The senior leader preserves urgency while managing absorption. The best plan identifies what must happen now, what can be phased, what must be monitored, and what would trigger escalation — turning change into a governed business process rather than a one-time HR event.
Worked senior SJI reasoning
Leadership wants to deploy a new enterprise talent process company-wide during the busiest operating quarter. A tactical answer schedules the rollout as requested to meet the deadline. The Advanced HR Professional answer recognizes a readiness-and-timing failure: peak quarter starves the change of Ability (manager bandwidth) and risks service disruption.
The senior recommendation is to surface the timing conflict to the sponsor with evidence, propose a phased pilot in one ready business unit to generate short-term wins, prepare managers first, and sequence the broad rollout after peak — preserving the strategic intent while protecting the business. The credited choice manages absorption, not just announcement.
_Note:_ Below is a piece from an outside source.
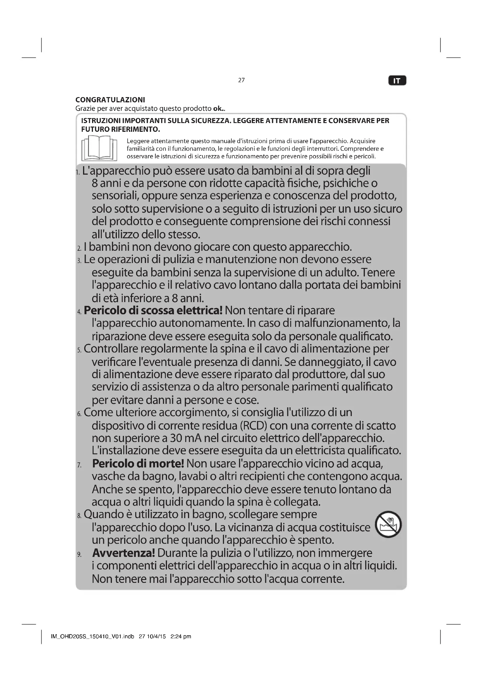 - L'apparecchio può essere usato da bambini al di sopra degli 8 anni e da persone con ridotte capacità fisiche, psichiche o sensoriali, oppureswana esperienza e conoscenza del prodotto, solo quello supervisione o a seguito di istruzioni per un uso sicuro del prodotto e consequences comprenzione dei rischi connessi all'utilizzo dello stesso.
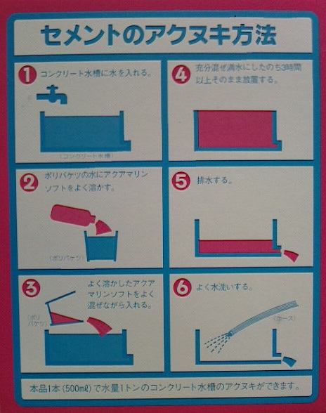 アクアマリンソフトは500ccで水量1トンのコンクリート水槽のアク抜きが短時間で しかも簡単にできます。コンクリート水槽に水をはり その水をバケツに八分目ほど取って その中によく溶かしたアクアマリンソフトをコンクリート水槽の中へよく混ぜながら徐々に入れ充分混ぜてください。

Change Fatigue, the Transition Curve, and Reinforcement
Enterprise leaders frequently underestimate change saturation — the cumulative load of concurrent initiatives competing for the same managers and employees. When too many changes run at once, even well-designed efforts fail because the organization lacks the Ability (in ADKAR terms) to absorb more. A senior HR leader maintains a change portfolio view, sequences initiatives against capacity, and is willing to recommend pausing or staggering a lower-priority change to protect a strategic one.
The Kübler-Ross change curve (denial, anger, bargaining, depression, acceptance) and Bridges' Transition Model both remind the senior leader that people experience a psychological dip even when the structural change is sound. Productivity often falls before it recovers. Planning for this dip — extra support in the neutral zone, realistic timelines, and patience with the curve — distinguishes a strategic plan from an optimistic one.
Reinforcement: the step most often skipped
- Realign incentives and metrics so they reward the new behavior, not the old.
- Audit informal signals — what managers actually praise and escalate.
- Sustain sponsor attention past the launch so the change does not quietly decay.
- Measure adoption, not just deployment; a deployed system that no one uses has not changed anything.
Lewin's refreeze, Kotter's anchor in the culture, and ADKAR's Reinforcement all name the same truth: change that is not reinforced reverts. SHRM-SCP scenarios that end at "go-live" are a trap — the credited senior answer extends the plan to reinforcement and measurement so the new state actually sticks.
A company wants to roll out a new enterprise talent process during its busiest operating period. What should HR recommend first?
In the ADKAR model, an employee understands the change and wants it but cannot yet perform the new task. Which element is missing?
Why is manager readiness critical before broad employee communication?